Stored items
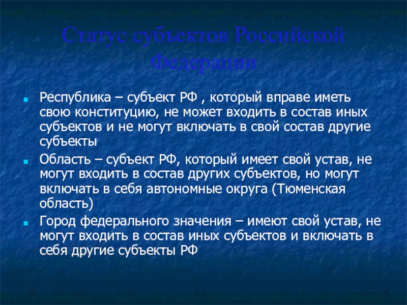 иметь свою конституцию, не может входить в состав иных субъектов и не могут включать в свой состав другие субъекты
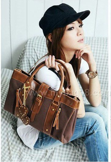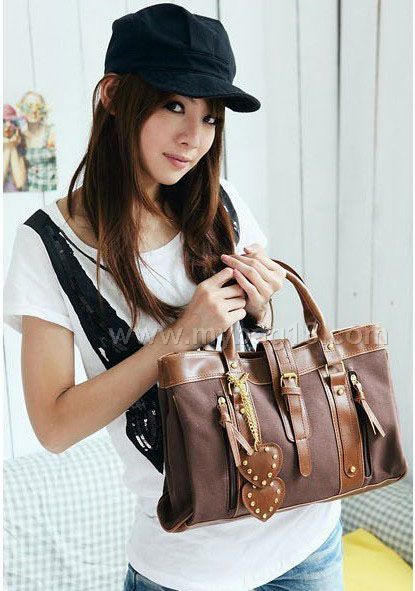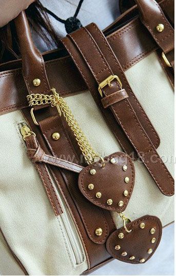 BG1130帆布鉚釘愛心皮帶手提/側背包(咖啡)
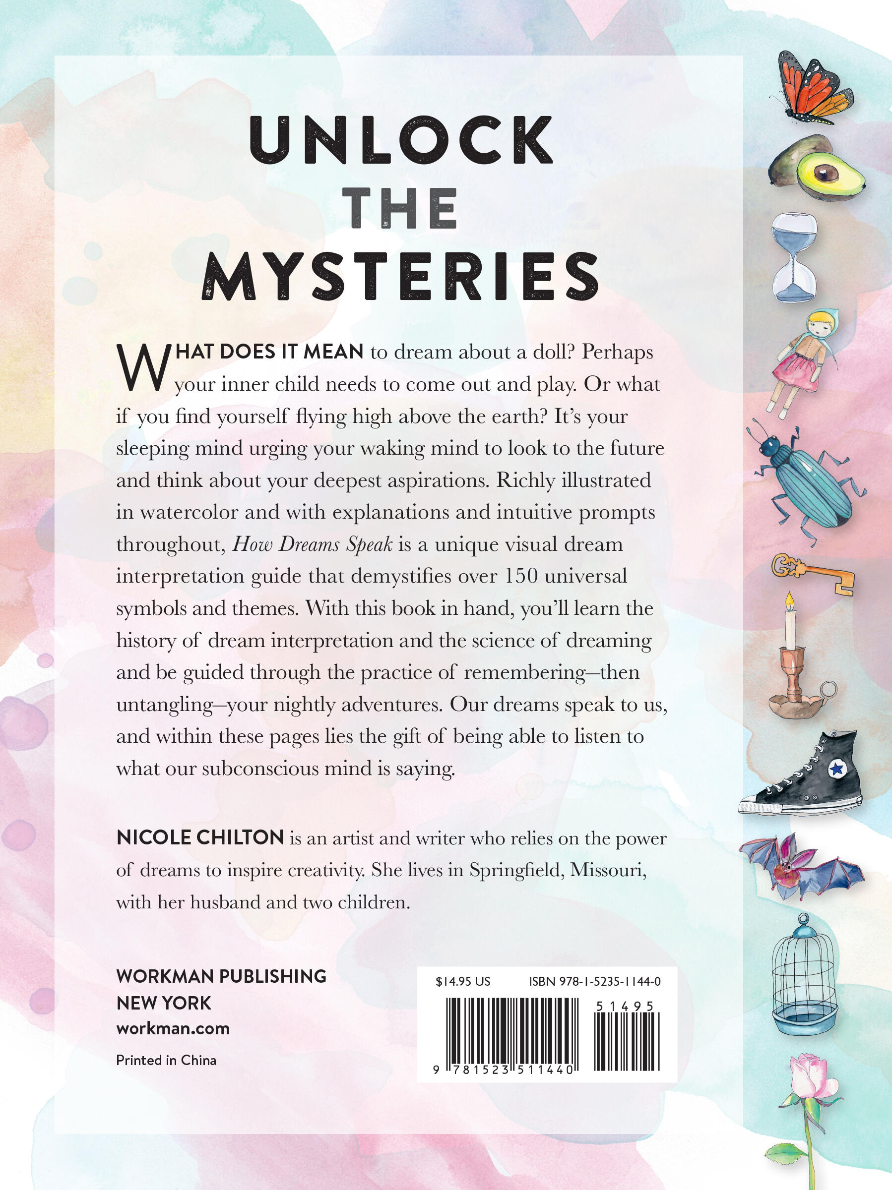 What does it mean to dream about a doll? Perhaps your inner child needs to come out and play. Or what if you find yourself flying high above the earth? It’s your sleeping mind urging your waking mind to look to the future and think about your deepest aspirations. Richly illustrated in watercolor and with explanations and intuitive prompts throughout, How Dreams Speak is a unique visual dream interpretation guide that demystifies over 150 universal symbols and themes. With this book in hand, you’ll learn the history of dream interpretation and the science of dreaming and be guided through the practice of remembering—then untangling—your nightly adventures. Our dreams speak to us, and within these pages lies the gifts of being able to listen to what our subconscious mind is saying.
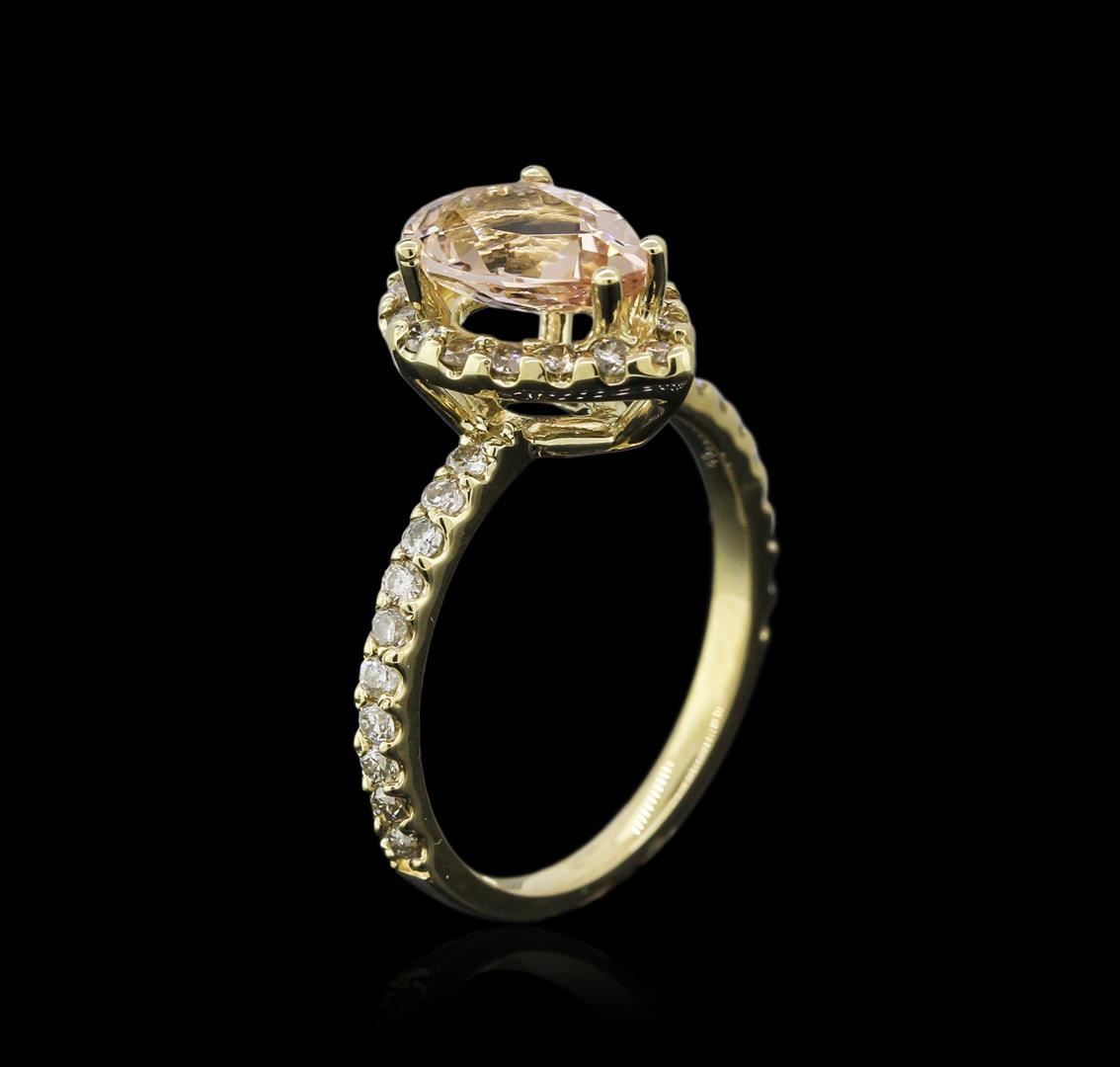 One electronically tested 14KT yellow gold ladies cast morganite and diamond ring with a flat shank with a bright polish finish. Identified with markings of "K14". Condition is new. Containing: One prong set pear modified brilliant cut natural morganite, measuring 9.67 x 6.54 x 3.76mm, approximate weight of 1.29ct., clarity is eye clean, type I, very light, brownish, reddish orange color, (GIA rO 2/1), cut is good. Thirty-Six prong set round brilliant cut diamonds, measuring 1.30 - 1.20 x 0.75mm (depth est.) approximate total weight of 36 Stones = 0.26ct. Clarity: I-1 to I-2. Color: J - K, Cut is Good. Diamonds and colored gemstones are graded in the mounting, unless otherwise stated. Colored gemstones are presumed to have been subjected to commonly used enhancement processes. Total Weight of Colored Stones 1.29ct. Total Weight of Diamonds 0.26ct. Total Weight of Ring 3.20 grams. GGL Appraised at $1,325.00.
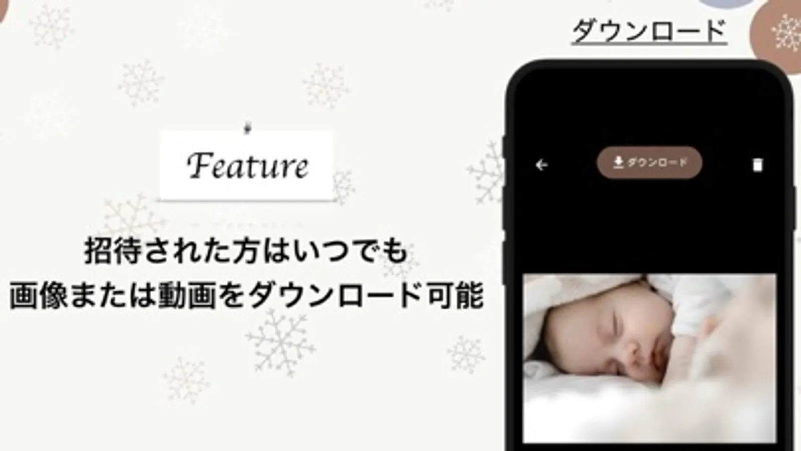 パパや両親などにリアルタイムでアップロードした画像や動画を共有することができます。
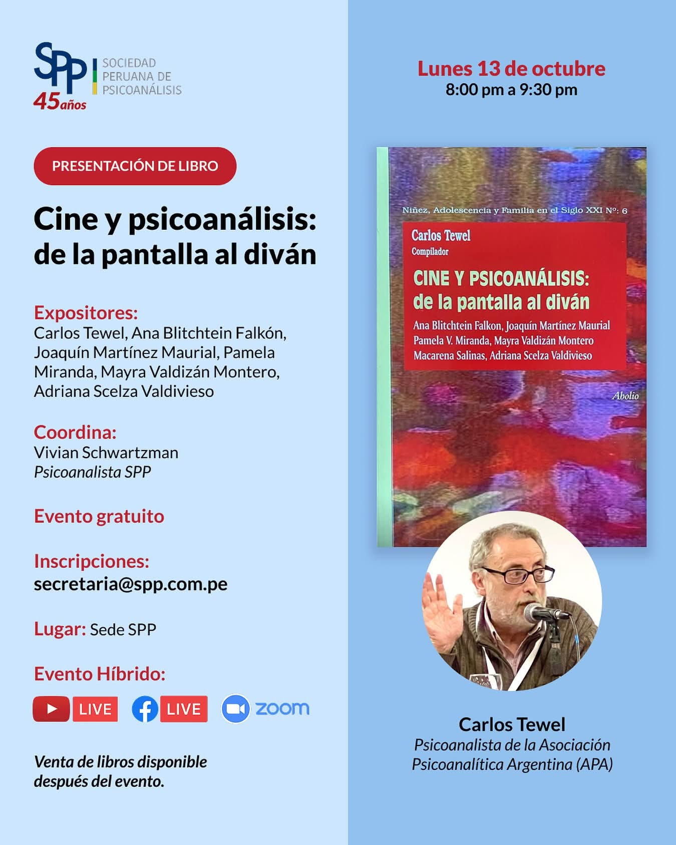 Estimados colegas, La Comisión de Comunidad y Cultura y el grupo Cine y Psicoanálisis de la SPP les invitan a la presentación del libro “Cine y Psicoanálisis: de la pantalla al diván” (2025, Ediciones Vergara: Buenos Aires).
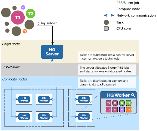 Once the HyperQueue server is running, you can submit jobs into it. Here are a few examples of job submissions. You can find more information in the documentation.
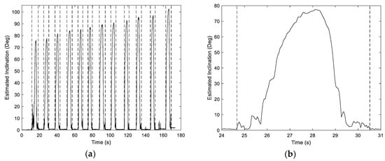 (a) Variation in estimated container inclination over an experimental trial (wide view); (b) zoom view for drink 2.
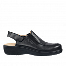 Верх выполнен из натуральной гладкой кожи чёрного цвета, подкладка, также кожаная, обладает мелкой перфорацией, обеспечивающей непрерывный влаго- и теплообмен при ходьбе. Несъёмная ортопедическая стелька с покрытием из натуральной кожи дополнительно амортизирует каждый шаг, оберегает от развития деформационных процессов в ногах.
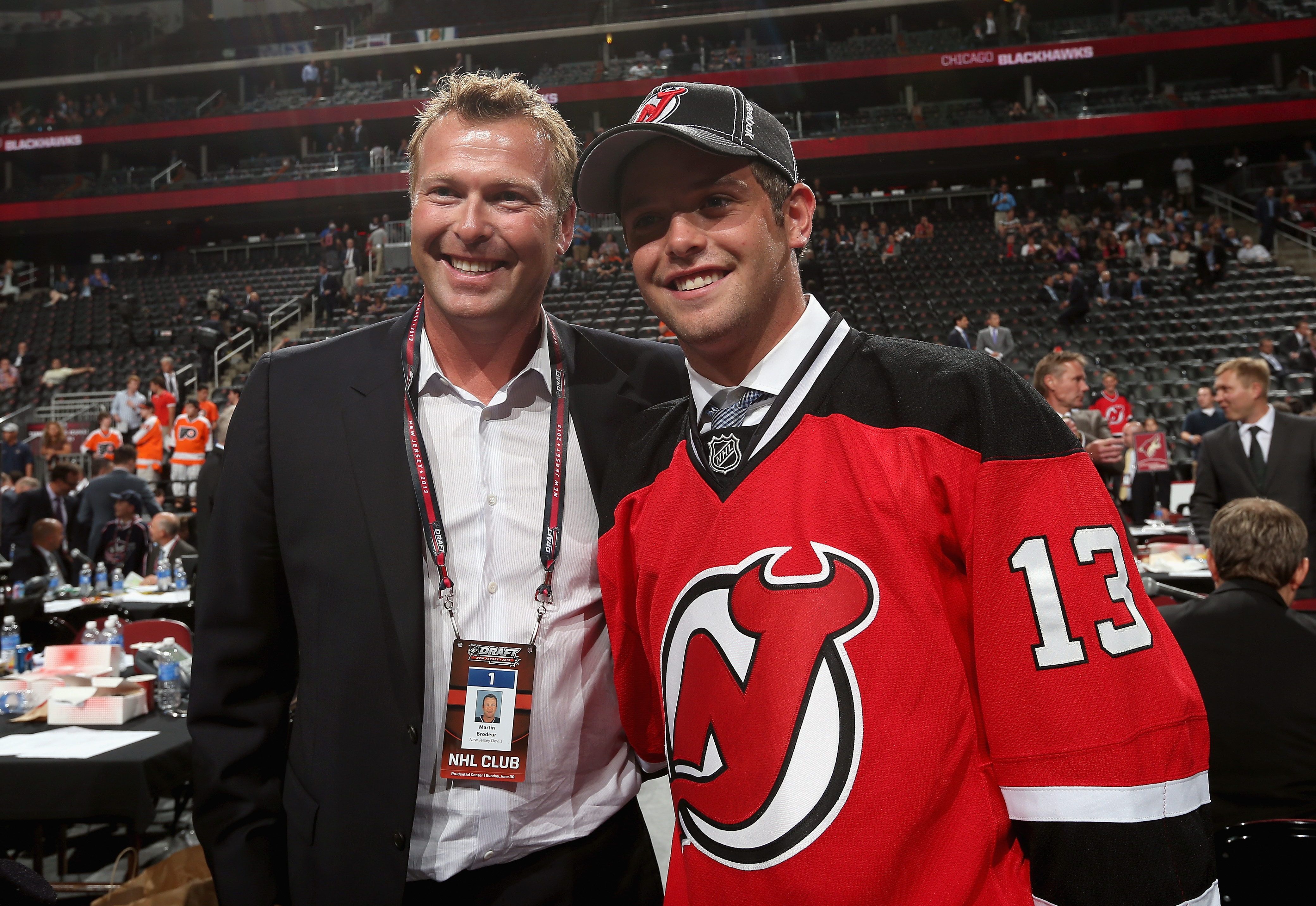 Le jeune homme de 18 ans a entendu son père prononcer son nom au 208e échelon devant quelques milliers de partisans qui ont bien apprécié le geste. Le vétéran gardien a remis le chandail des Devils à son fils avant de lui faire l’accolade.
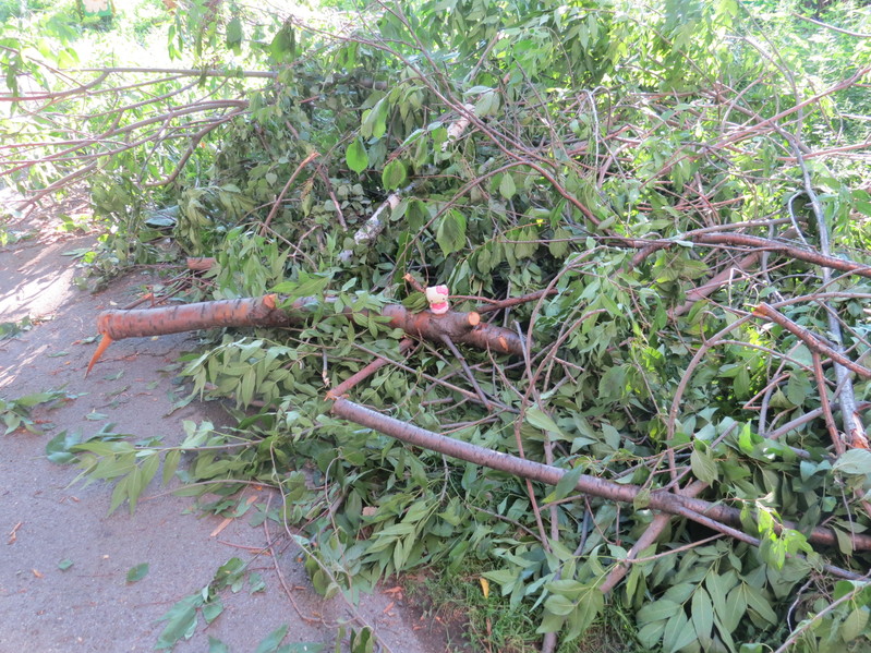 - Рядом с хоккейной коробкой куча срезанных веток -- недавно соответствующие службы обработали двор... Китти на ветках...
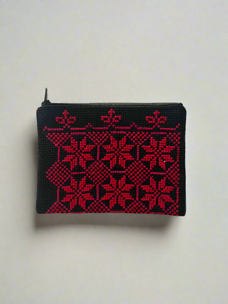 Das Muster dieser Tasche ist ein authentisches "Tatreez" (traditionelle palästinensische Kreuzstichstickerei), bekannt für seine geometrischen Formen und lebendigen Farben.
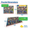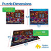 2128 Cafe Bookstore. Cozy bean bags, curious minds, and colorful shelves stretch as far as the eye can see. Whether you’re hunting for mysteries, diving into fantasy, or flipping through comics and puzzles, this café bookstore has something for everyone. Artist Joelle McIntyre created this 1000 piece jigsaw puzzle to remind you where stories begin the real-world melts away. Finished size 24" x 30".
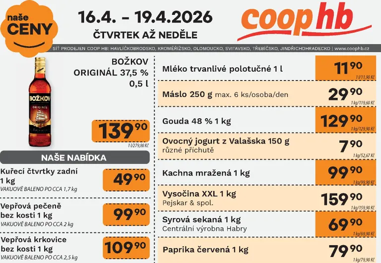 Právě se díváte na aktuální leták z obchodu Coop HB platný od 16.04.2026 do 22.04.2026. V letáku naleznete na 2 stránkách informace o aktuálních slevách. Navštěvujte pravidelně 111Letaky a získejte vždy aktuální informace o všech letácích z nabídek českých obchodů.
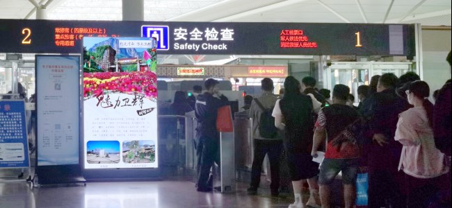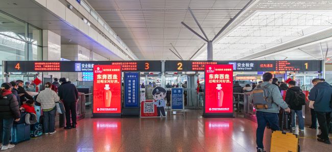 郑州东站进站安检口立地LED大屏广告10台立地竖屏在主要进站口形成规模化媒体阵列,构建了统一的品牌视觉防线。LED动态屏幕相比静态广告更具视觉吸引力。大屏分布于五个进站口的安检仪两侧,是旅客进入候车厅的唯一必经之路,屏幕内容能无规避地进入其视野核心区,实现近身距离的强制曝光。安检口大屏干扰度低,形成了品牌独占的沟通空间。LED刷屏机支持全屏静态、上视频下静态分屏等多种发布形式。灵活选择最具冲击力或信息承载力的沟通方式,提升广告表达效率。
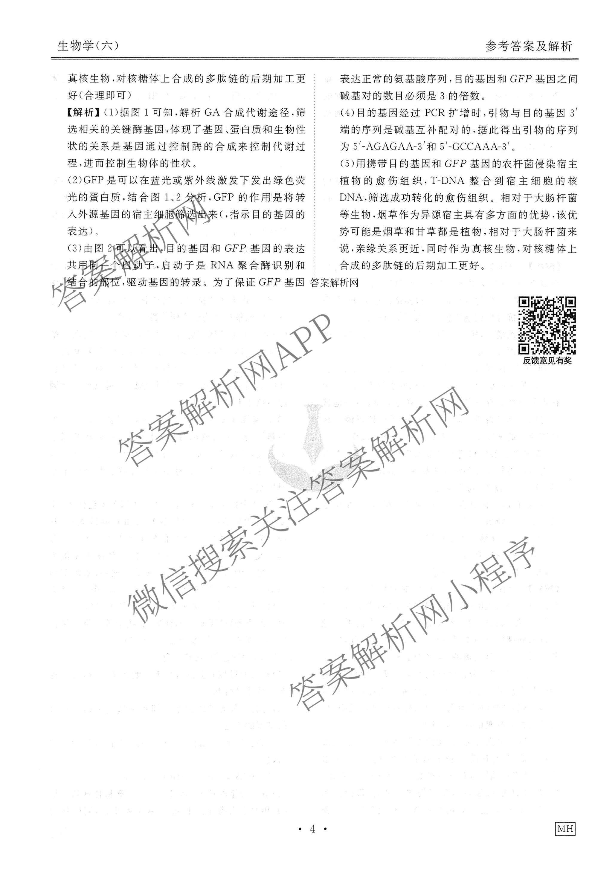 [高三](衡水金卷先享题)调研卷2026年普通高中学业水平选择性考试模拟(六)6生物(MH)答案
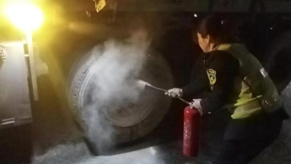 當(dāng)班班長接到通知后,立即組織人員趕往現(xiàn)場滅火,到達(dá)現(xiàn)場后,幾人熟練地將滅火器對準(zhǔn)起火點(diǎn)噴射,在使用了數(shù)個滅火器后終于將火源徹底撲滅。隨后,收費(fèi)員又拎來幾桶水對起火輪胎進(jìn)行降溫。由于發(fā)現(xiàn)及時、處置得當(dāng),一場事故被有效控制,司乘人員的生命財(cái)產(chǎn)安全未受到損害。驚慌失措的駕駛員見到火被撲滅,這才回過神來,激動不已地連連道謝。
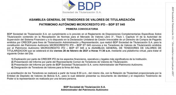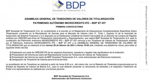 ASAMBLEA GENERAL DE TENEDORES DE VALORES DE TITULARIZACIÓN
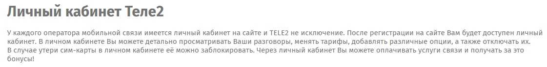 Абонентам Теле2 предоставлена возможность использования личного кабинета на сайте оператора. Чтобы иметь выбор способов управления своим счётом и услугами, а также связи с технической поддержкой, каждому клиенту желательно зарегистрировать ЛК. Функционал личного кабинета позволяет в реальном времени отслеживать свой баланс, просматривать выписки, управлять услугами, опциями, тарифами и так далее.

| Exercise prompt |
Reproduce every record above exactly, but leave out the pictures.

| Response area |
 иметь свою конституцию, не может входить в состав иных субъектов и не могут включать в свой состав другие субъекты
 BG1130帆布鉚釘愛心皮帶手提/側背包(咖啡)
 What does it mean to dream about a doll? Perhaps your inner child needs to come out and play. Or what if you find yourself flying high above the earth? It’s your sleeping mind urging your waking mind to look to the future and think about your deepest aspirations. Richly illustrated in watercolor and with explanations and intuitive prompts throughout, How Dreams Speak is a unique visual dream interpretation guide that demystifies over 150 universal symbols and themes. With this book in hand, you’ll learn the history of dream interpretation and the science of dreaming and be guided through the practice of remembering—then untangling—your nightly adventures. Our dreams speak to us, and within these pages lies the gifts of being able to listen to what our subconscious mind is saying.
 One electronically tested 14KT yellow gold ladies cast morganite and diamond ring with a flat shank with a bright polish finish. Identified with markings of "K14". Condition is new. Containing: One prong set pear modified brilliant cut natural morganite, measuring 9.67 x 6.54 x 3.76mm, approximate weight of 1.29ct., clarity is eye clean, type I, very light, brownish, reddish orange color, (GIA rO 2/1), cut is good. Thirty-Six prong set round brilliant cut diamonds, measuring 1.30 - 1.20 x 0.75mm (depth est.) approximate total weight of 36 Stones = 0.26ct. Clarity: I-1 to I-2. Color: J - K, Cut is Good. Diamonds and colored gemstones are graded in the mounting, unless otherwise stated. Colored gemstones are presumed to have been subjected to commonly used enhancement processes. Total Weight of Colored Stones 1.29ct. Total Weight of Diamonds 0.26ct. Total Weight of Ring 3.20 grams. GGL Appraised at $1,325.00.
 パパや両親などにリアルタイムでアップロードした画像や動画を共有することができます。
 Estimados colegas, La Comisión de Comunidad y Cultura y el grupo Cine y Psicoanálisis de la SPP les invitan a la presentación del libro “Cine y Psicoanálisis: de la pantalla al diván” (2025, Ediciones Vergara: Buenos Aires).
 Once the HyperQueue server is running, you can submit jobs into it. Here are a few examples of job submissions. You can find more information in the documentation.
 (a) Variation in estimated container inclination over an experimental trial (wide view); (b) zoom view for drink 2.
 Верх выполнен из натуральной гладкой кожи чёрного цвета, подкладка, также кожаная, обладает мелкой перфорацией, обеспечивающей непрерывный влаго- и теплообмен при ходьбе. Несъёмная ортопедическая стелька с покрытием из натуральной кожи дополнительно амортизирует каждый шаг, оберегает от развития деформационных процессов в ногах.
 Le jeune homme de 18 ans a entendu son père prononcer son nom au 208e échelon devant quelques milliers de partisans qui ont bien apprécié le geste. Le vétéran gardien a remis le chandail des Devils à son fils avant de lui faire l’accolade.
 - Рядом с хоккейной коробкой куча срезанных веток -- недавно соответствующие службы обработали двор... Китти на ветках...
 Das Muster dieser Tasche ist ein authentisches "Tatreez" (traditionelle palästinensische Kreuzstichstickerei), bekannt für seine geometrischen Formen und lebendigen Farben.
 2128 Cafe Bookstore. Cozy bean bags, curious minds, and colorful shelves stretch as far as the eye can see. Whether you’re hunting for mysteries, diving into fantasy, or flipping through comics and puzzles, this café bookstore has something for everyone. Artist Joelle McIntyre created this 1000 piece jigsaw puzzle to remind you where stories begin the real-world melts away. Finished size 24" x 30".
 Právě se díváte na aktuální leták z obchodu Coop HB platný od 16.04.2026 do 22.04.2026. V letáku naleznete na 2 stránkách informace o aktuálních slevách. Navštěvujte pravidelně 111Letaky a získejte vždy aktuální informace o všech letácích z nabídek českých obchodů.
 郑州东站进站安检口立地LED大屏广告10台立地竖屏在主要进站口形成规模化媒体阵列,构建了统一的品牌视觉防线。LED动态屏幕相比静态广告更具视觉吸引力。大屏分布于五个进站口的安检仪两侧,是旅客进入候车厅的唯一必经之路,屏幕内容能无规避地进入其视野核心区,实现近身距离的强制曝光。安检口大屏干扰度低,形成了品牌独占的沟通空间。LED刷屏机支持全屏静态、上视频下静态分屏等多种发布形式。灵活选择最具冲击力或信息承载力的沟通方式,提升广告表达效率。
 [高三](衡水金卷先享题)调研卷2026年普通高中学业水平选择性考试模拟(六)6生物(MH)答案
 當(dāng)班班長接到通知后,立即組織人員趕往現(xiàn)場滅火,到達(dá)現(xiàn)場后,幾人熟練地將滅火器對準(zhǔn)起火點(diǎn)噴射,在使用了數(shù)個滅火器后終于將火源徹底撲滅。隨后,收費(fèi)員又拎來幾桶水對起火輪胎進(jìn)行降溫。由于發(fā)現(xiàn)及時、處置得當(dāng),一場事故被有效控制,司乘人員的生命財(cái)產(chǎn)安全未受到損害。驚慌失措的駕駛員見到火被撲滅,這才回過神來,激動不已地連連道謝。
 ASAMBLEA GENERAL DE TENEDORES DE VALORES DE TITULARIZACIÓN
 Абонентам Теле2 предоставлена возможность использования личного кабинета на сайте оператора. Чтобы иметь выбор способов управления своим счётом и услугами, а также связи с технической поддержкой, каждому клиенту желательно зарегистрировать ЛК. Функционал личного кабинета позволяет в реальном времени отслеживать свой баланс, просматривать выписки, управлять услугами, опциями, тарифами и так далее.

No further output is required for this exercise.